Mridula Rewal 1, Rachel Jurd 1, T Michael Gill 1, Dao-Yao He 1, Dorit Ron 1,2,3,4, Patricia H Janak 1,2,3,4,
PMCID: PMC2768359  NIHMSID: NIHMS87378  PMID: 19144854

Abstract

Alcohol has subjective and behavioral effects at the pharmacological levels typically reached during the consumption of one or two alcoholic drinks.

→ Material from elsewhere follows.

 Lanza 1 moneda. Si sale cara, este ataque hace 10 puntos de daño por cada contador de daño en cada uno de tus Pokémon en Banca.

Here we provide evidence that an α4-subunit-containing GABAA receptor contributes to the consumption of low-to-moderate levels of alcohol. Using viral-mediated RNA interference (RNAi), we found that reduced expression of the α4 subunit in the nucleus accumbens (NAc) shell of rats decreased their free consumption of and preference for alcohol. The time course for the reduced alcohol intake paralleled the time course of α4 mRNA reductions achieved after viral-mediated RNAi for α4. Furthermore, the reduction in drinking was region- and alcohol-specific: there was no effect of reductions in α4 expression in the NAc core on alcohol intake, and reductions in α4 expression in the NAc shell did not alter sucrose or water intake. These results indicate that the GABAA receptor α4 subunit in the NAc shell mediates alcohol intake.

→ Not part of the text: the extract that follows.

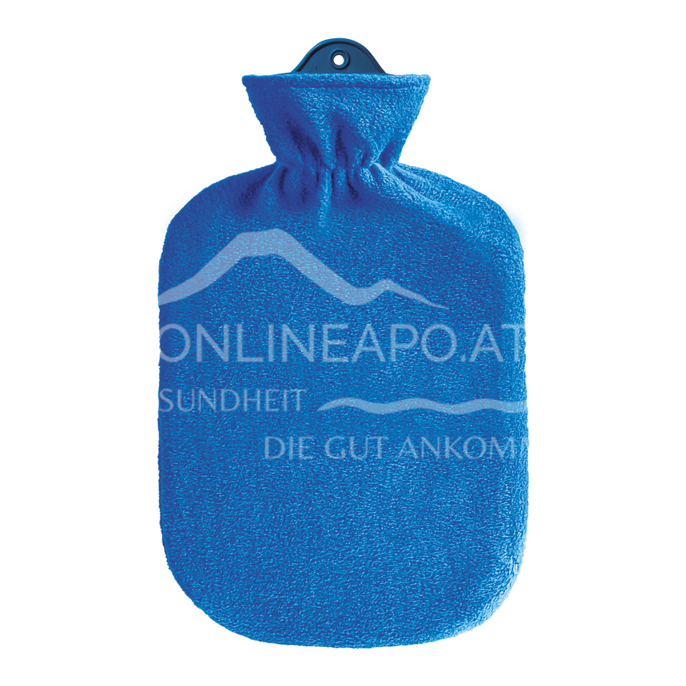 The hot water bottle fleece cover blue 2.0 litre impresses with its maximum safety and quality. Made from natural rubber without plasticisers, it guarantees long-lasting and environmentally friendly use. The continuous body without a glued-in neck piece or additional seams minimises the risk of leaks. With a generous capacity of 2 litres, it provides long-lasting warmth for colds or muscle tension.

Keywords: ethanol, addiction, extrasynaptic, self-administration, tonic current, RNA interference

Introduction

The molecular site(s) of action that support the voluntary consumption of alcohol are not known, but a major contribution of GABAergic systems, especially the GABAA receptor (GABAAR), has long been postulated (Grobin et al., 1998; Chester and Cunningham, 2002; Koob, 2004; Lobo and Harris, 2008). Recently, there has been great interest in whether GABAARs might mediate the pharmacological effects of low-to-moderate (≤30 mm) alcohol brain concentrations attained following the consumption of one or a few alcoholic drinks (cf. Lovinger and Homanics, 2007). GABAARs are pentamers assembled from a variety of subunits to form multiple isoforms that are likely to differ in their alcohol sensitivity. Notably, pharmacological actions of low-to-moderate concentrations of alcohol (1–30 mm) have been reported at the α4βδ GABAAR isoform (Sundstrom-Poromaa et al., 2002; Wallner et al., 2003; Wei et al., 2004), and, hence, this receptor is a potential candidate for the mediation of the reinforcing effects of oral alcohol. These findings, obtained in heterologous expression systems or brain slices, are highly controversial (Borghese et al., 2006; Yamashita et al., 2006; Borghese and Harris, 2007; Lovinger and Homanics, 2007). Therefore, to assess the relevance of the potentially alcohol-sensitive α4βδ GABAAR to alcohol's actions, we used viral-mediated RNAi, which allows for region-specific reductions of target gene mRNA levels in adult animals (Hommel et al., 2003; Lasek et al., 2007), to determine the effect of reductions in α4 expression on oral alcohol intake in vivo. If the α4βδ GABAAR is required for the pharmacological actions of alcohol that support alcohol intake, then reduction of the expression of the α4 subunit should reduce alcohol intake.

The nucleus accumbens (NAc) contributes to the rewarding and reinforcing effects of drugs including alcohol (Koob et al., 1998; McBride et al., 1999; Weiss and Porrino, 2002; Everitt and Robbins, 2005). Studies suggest that the GABAergic system in the NAc is an important mediator of alcohol self-administration. For example the GABA antagonists, SR-95531 (Hyytiä and Koob, 1995) and bicuculline (Hodge et al., 1995), reduce operant alcohol self-administration following NAc microinfusion. Notably, both the mRNA and protein for the α4βδ GABAAR subunits are detected in the NAc (Pirker et al., 2000; Schwarzer et al., 2001). Therefore we determined the effects of α4 subunit reductions in the NAc on alcohol intake. Because the subregions of the NAc, the core and the shell, have somewhat distinct afferent and efferent projections and correspondingly distinct behavioral functions (Robbins and Everitt, 2002), their role in alcohol intake was examined separately.

Materials and Methods

Design and cloning of short hairpin RNA constructs.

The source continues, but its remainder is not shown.